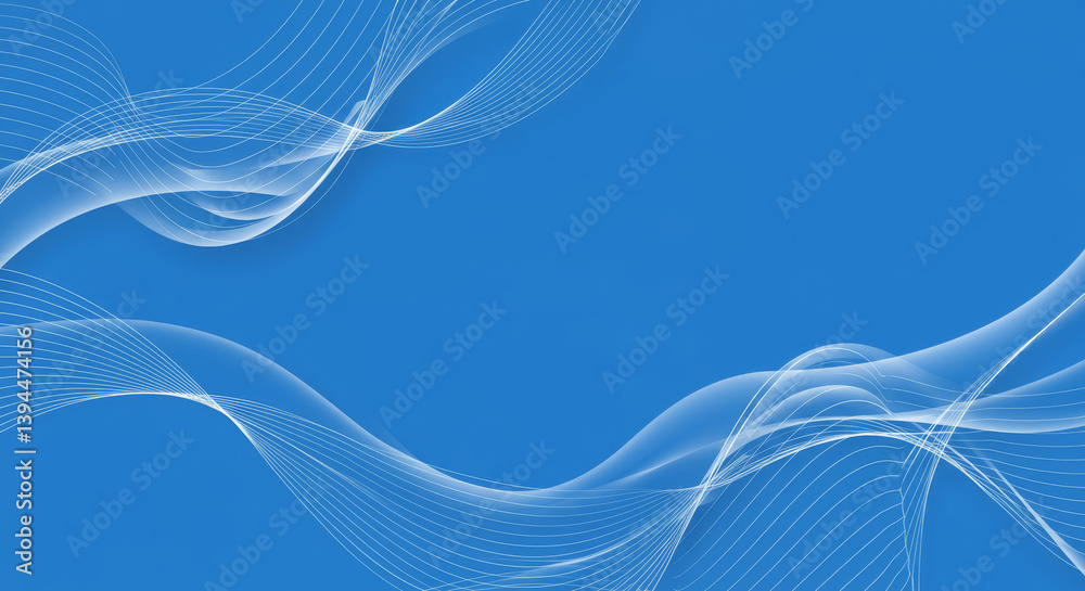 Wall mural abstract blue wave background - elegant abstract background featuring flowing white waves on a solid
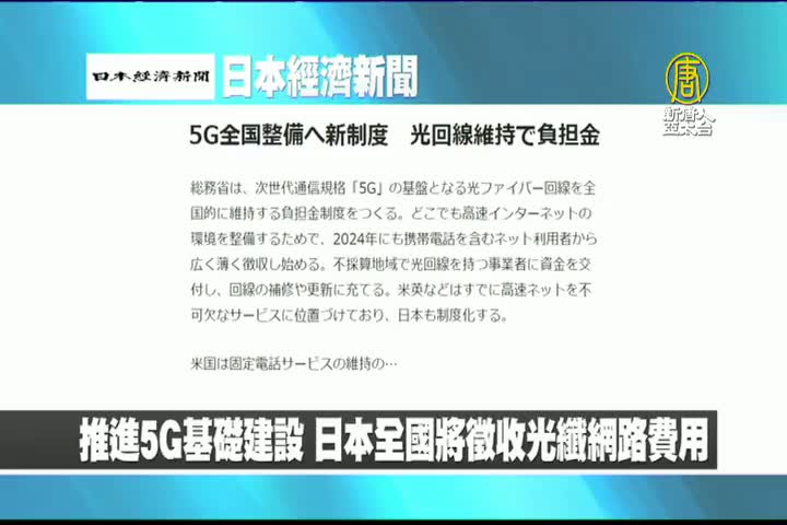 【新唐人亞太台 2020 年 01 月 21 日訊】來看到日本經濟新聞報導:推進5G基礎建設,日本全國將徵收光纖網路費用。
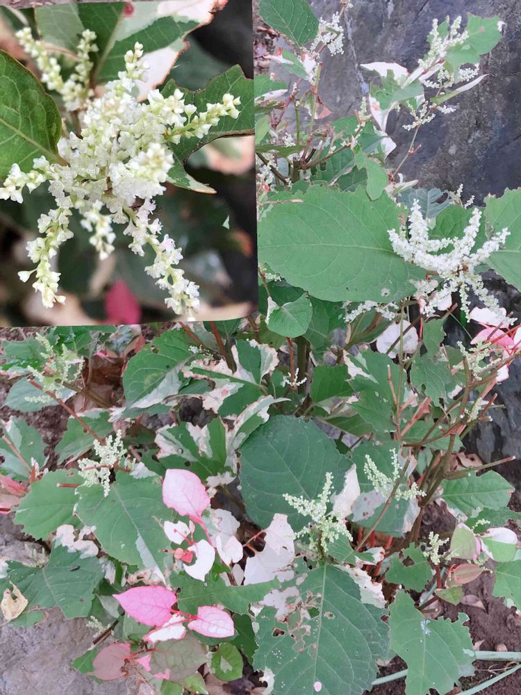 鉢植えの、斑入りの、イタドリ花が咲きました。
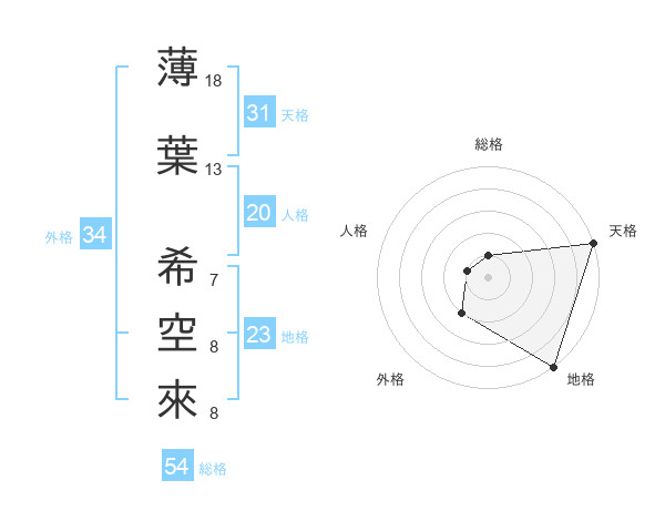 薄葉 希空來さんを姓名の画数から五運を鑑定

EXERCISE INSTRUCTIONS ▸
Please give all of the data again, exact and free of pictures.

SOLUTION ▸
 Wall mural abstract blue wave background - elegant abstract background featuring flowing white waves on a solid
 【新唐人亞太台 2020 年 01 月 21 日訊】來看到日本經濟新聞報導:推進5G基礎建設,日本全國將徵收光纖網路費用。
 鉢植えの、斑入りの、イタドリ花が咲きました。
 薄葉 希空來さんを姓名の画数から五運を鑑定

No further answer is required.